You could also look at all of the data frame at once by typing its name into the console, but that might be unwise here. We know cdc
has 20,000 rows, so viewing the entire data set would mean flooding your screen. It's better to take small peeks at the data with head
, tail
or the subsetting techniques that you'll learn in a moment.
While it makes sense to describe a numerical variable like weight
in terms of summary statistics like mean or sd, what about categorical data? We would instead consider the sample frequency or relative frequency distribution. The function tally
does this for you by counting the number of times each kind of response was given. For example, to see the number of people who have smoked 100 cigarettes in their lifetime, type
table(cdc$smoke100)
##
## n y
## 10559 9441
One can convert the table of counts to proportions by the funstion prop.table.
prop.table(table(cdc$smoke100))
##
## n y
## 0.52795 0.47205
The table
command can be used to tabulate any number of variables that you provide. For example, to cross tablulate the two variable smoke100
and genhlth
, we could type
table(cdc$smoke100, cdc$genhlth)
##
## excellent fair good poor very good
## n 2879 911 2782 229 3758
## y 1778 1108 2893 448 3214
We can add marginal totals to the two-way table by the addmargins
command.
addmargins(table(cdc$smoke100, cdc$genhlth))
##
## excellent fair good poor very good Sum
## n 2879 911 2782 229 3758 10559
## y 1778 1108 2893 448 3214 9441
## Sum 4657 2019 5675 677 6972 20000
If one wants to view the proportions instead of counts, one can use:
prop.table(table(cdc$smoke100, cdc$genhlth)) # overall proportions
##
## excellent fair good poor very good
## n 0.14395 0.04555 0.13910 0.01145 0.18790
## y 0.08890 0.05540 0.14465 0.02240 0.16070
prop.table(table(cdc$smoke100, cdc$genhlth),1) # row proportions
##
## excellent fair good poor very good
## n 0.27265840 0.08627711 0.26347192 0.02168766 0.35590492
## y 0.18832751 0.11736045 0.30642940 0.04745260 0.34043004
prop.table(table(cdc$smoke100, cdc$genhlth),2) # column proportions
##
## excellent fair good poor very good
## n 0.6182091 0.4512135 0.4902203 0.3382570 0.5390132
## y 0.3817909 0.5487865 0.5097797 0.6617430 0.4609868
The first line gives the overall proportions(dividing the counts by the total number of cases), the second lines gives the row proportions (dividing the counts by the row totals), the last lines gives the column proportions (dividing the counts by the column totals), Likewise, three-way tables cross-tabulating 3 categorical variables can be created as.
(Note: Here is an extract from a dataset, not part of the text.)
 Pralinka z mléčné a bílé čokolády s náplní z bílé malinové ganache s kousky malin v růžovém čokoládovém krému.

table(cdc$smoke100, cdc$genhlth, cdc$gender)
## , , = f
##
##
## excellent fair good poor very good
## n 1522 585 1661 163 2081
## y 837 550 1292 231 1509
##
## , , = m
##
##
## excellent fair good poor very good
## n 1357 326 1121 66 1677
## y 941 558 1601 217 1705
Next, we make a bar chart of the entries in the table by putting the table inside the barchart
command.
barchart(table(cdc$smoke100), horizontal=FALSE)
Notice what we've done here! We've computed the table of cdc$smoke100
and then immediately applied the graphical function, barchart
. This is an important idea: R commands can be nested. You could also break this into two steps by typing the following:
smoke = table(cdc$smoke100)
barchart(smoke, horizontal=FALSE)
Here, we've made a new object, a table, called smoke
(the contents of which we can see by typing smoke
into the console) and then used it in as the input for barchart
. The special symbol =
performs an assignment, taking the output of one line of code and saving it into an object in your workspace.
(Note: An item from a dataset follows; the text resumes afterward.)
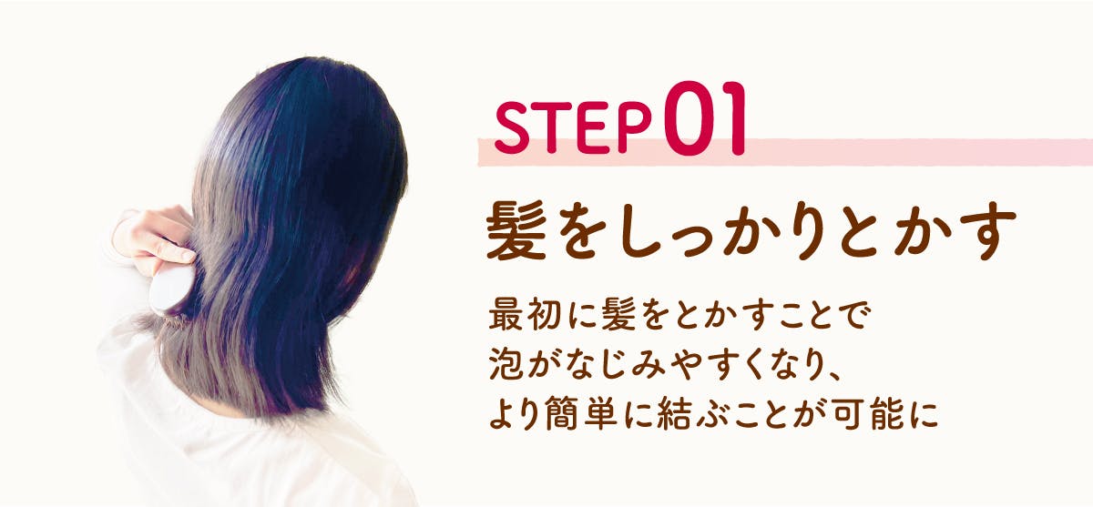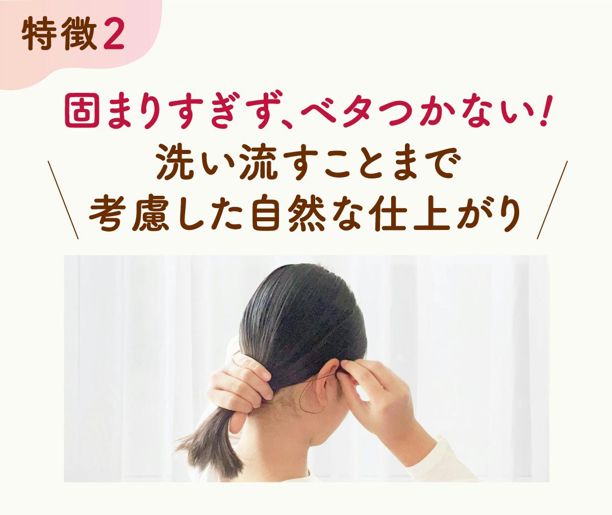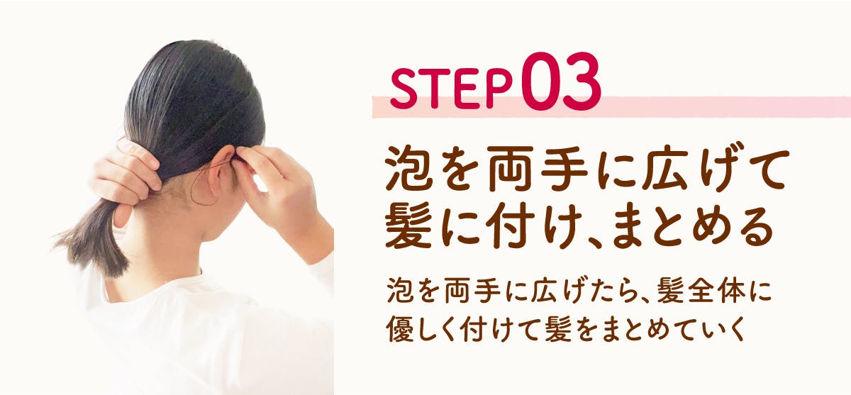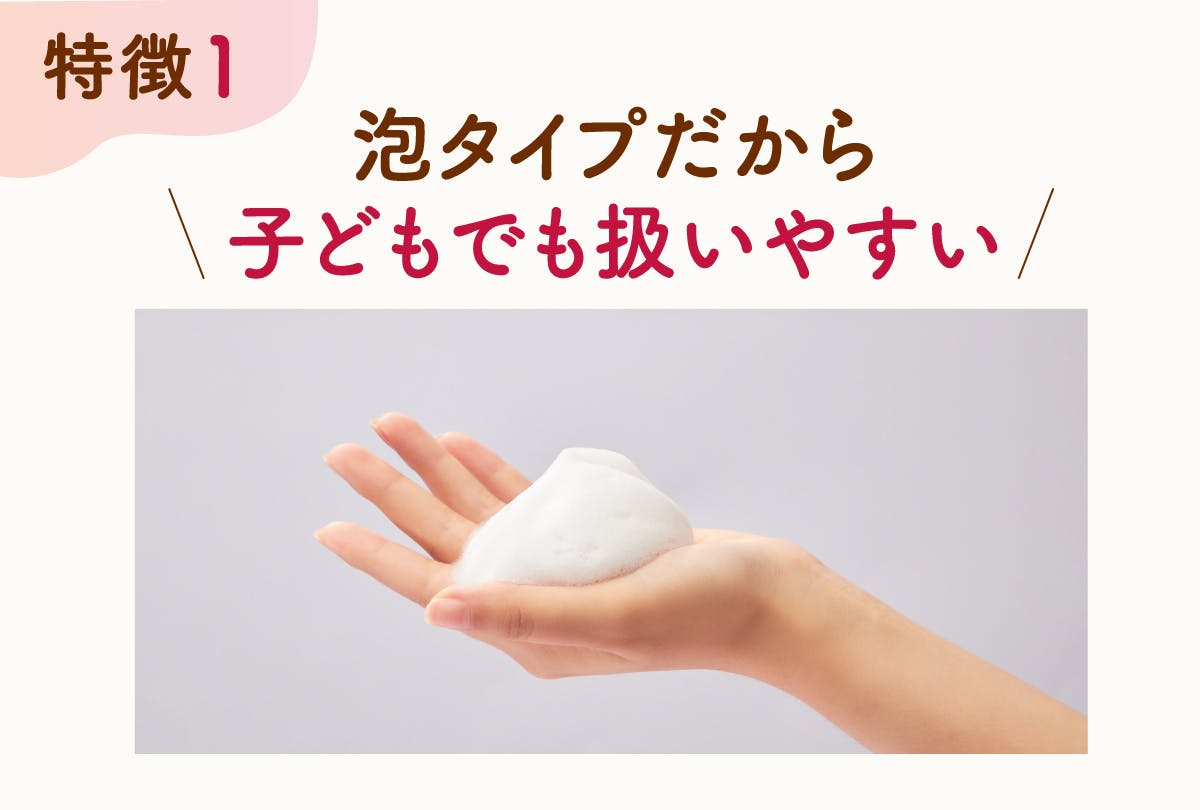そこでこの商品では、「成分」と「扱いやすい剤型」にこだわりました。手に密着する泡タイプなら、髪につける際に飛び散ったり、手からたれて目に入ったりする心配もほとんどありません。

This is another important idea that we'll return to later.
To create a segmented bar chart representing a two-way table, we can create the two-way table first, and then barchart
the table.
smoke.hlth = table(cdc$smoke100, cdc$genhlth)
barchart(smoke.hlth, horizontal=FALSE)
To get the standardized version of the barchart above (standardized the heights of all the bars), we can first convert the table to proportions and then make barchart
it.
barchart(prop.table(smoke.hlth,1), horizontal=FALSE)
In the barcharts above, it's better to add a legend for the colors used. One can add a legend using the auto.key
option.
barchart(prop.table(smoke.hlth,1), horizontal=FALSE, auto.key=TRUE)
The default location of the legend is on the top. To move the legend to the right, and to add an title to it, one can do the following
barchart(prop.table(smoke.hlth,1), horizontal=FALSE,
auto.key=list(space="right", title="General Health"))
From the above, we can see the size of the legend title is too big. We can adjust the size of the legend title as follows.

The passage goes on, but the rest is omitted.